Proteins were transferred onto PVDF membranes (MilliporeSigma, Burlington, MA, USA) using a wet transfer system with 10× Tris-Glycine transfer buffer (Bio-Rad Laboratories, Hercules, CA, USA), also diluted to 1× in ddH2O, using the Mini Trans-Blot Cell (Bio-Rad). Membranes were blocked for 1 h at room temperature using either Blotto A or Blotto B (ChemCruz, Santa Cruz Biotechnology, Dallas, TX, USA), depending on the target Blotto A was used for total protein detection, while Blotto B was used for phosphoprotein targets.

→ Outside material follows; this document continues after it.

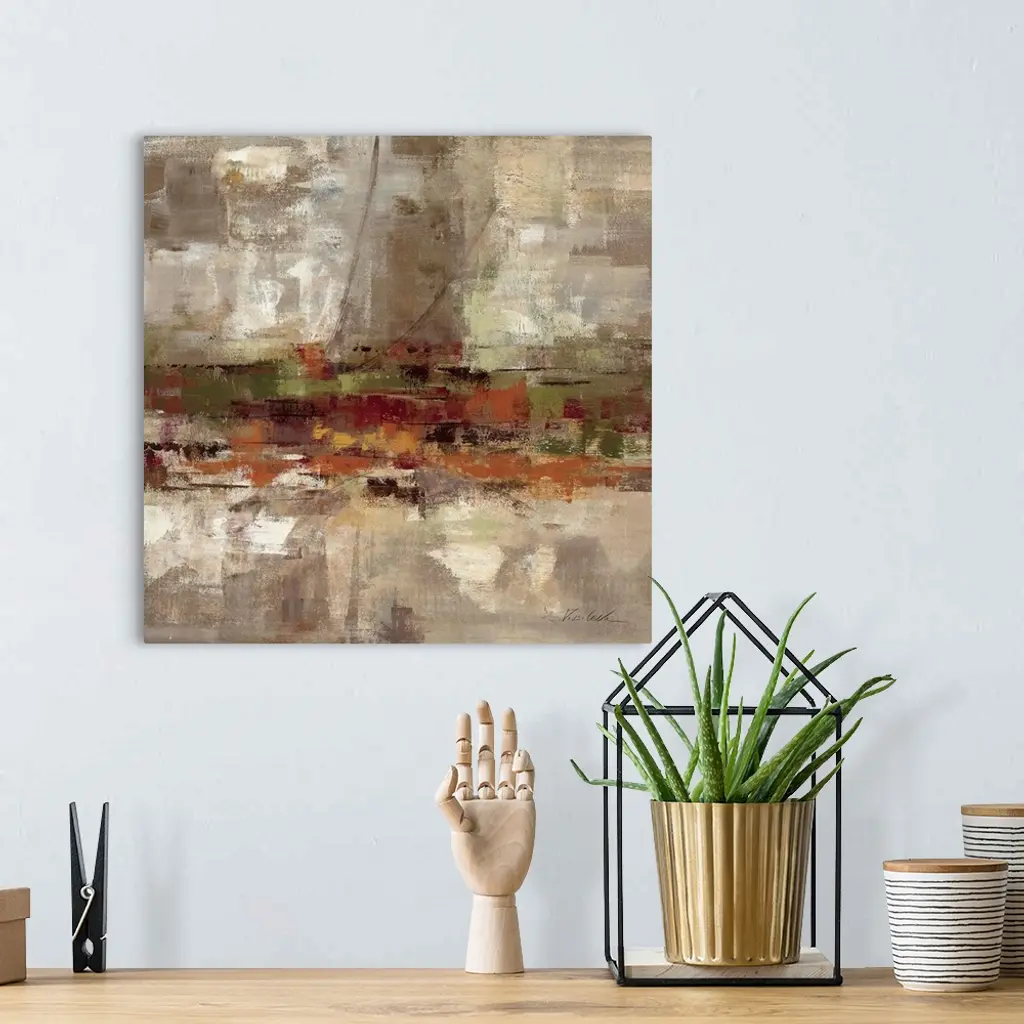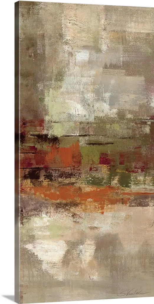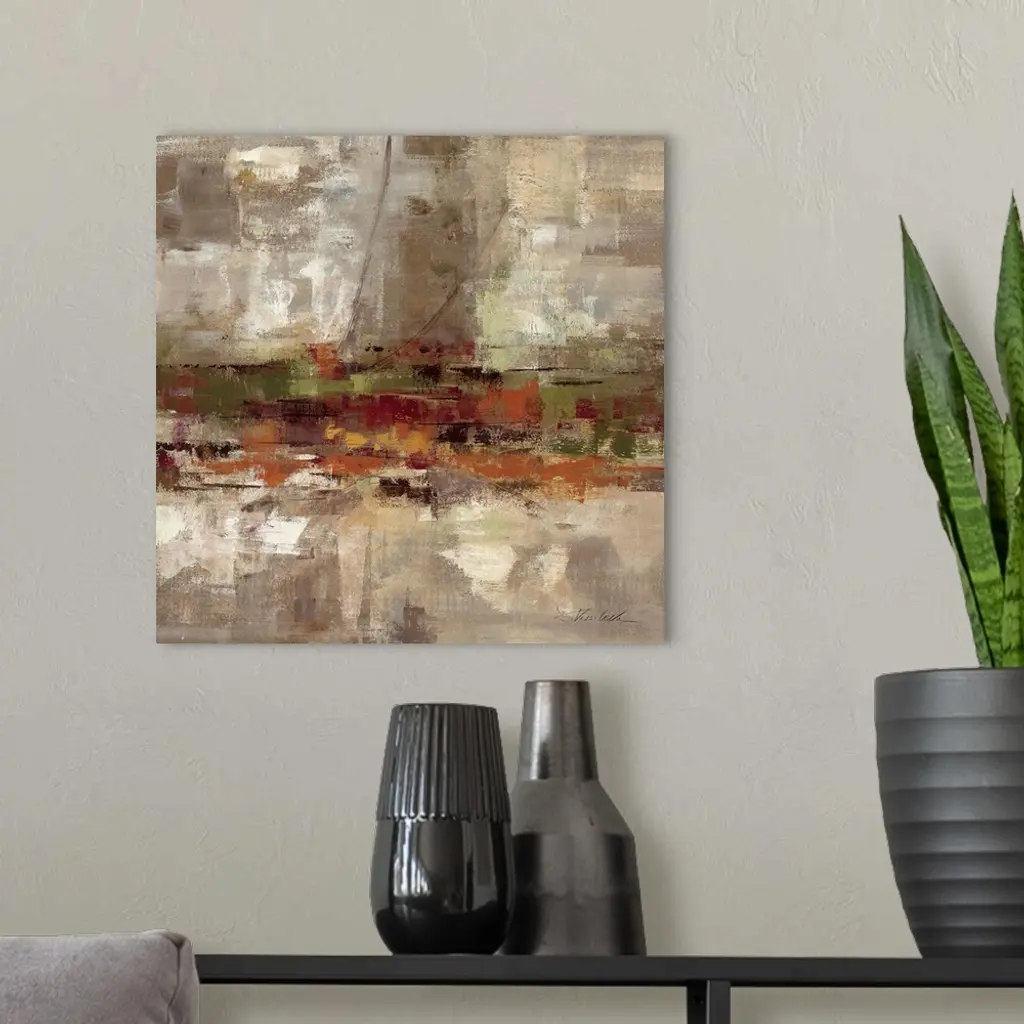 An abstract piece of art with brush strokes of earthy tones giving the painting depth.

After blocking, membranes were incubated overnight at 4°C with primary antibodies specific to the proteins of interest (Table 2). β-Actin was used as a loading control. The following day, membranes were washed with Tris-buffered saline (TBST) (with 0.1% Tween-20; Sigma–Aldrich, Merck KGaA, Darmstadt, Germany) and incubated with HRP-conjugated secondary antibodies (Cell Signaling Technology, Danvers, MA, USA) for 1 h at room temperature. Protein bands were visualized using an ECL detection reagent (Thermo Fisher Scientific, Waltham, MA, USA) and imaged using a ChemiDoc Imaging System (Bio-Rad Laboratories, Hercules, CA, USA). Densitometric analysis was performed using ImageJ software (National Institutes of Health, Bethesda, MD, USA), and protein expression levels were normalized to β-Actin. Full immunoblot images are provided in the supporting PowerPoint file (Supporting Information 1: WB Immunoblots).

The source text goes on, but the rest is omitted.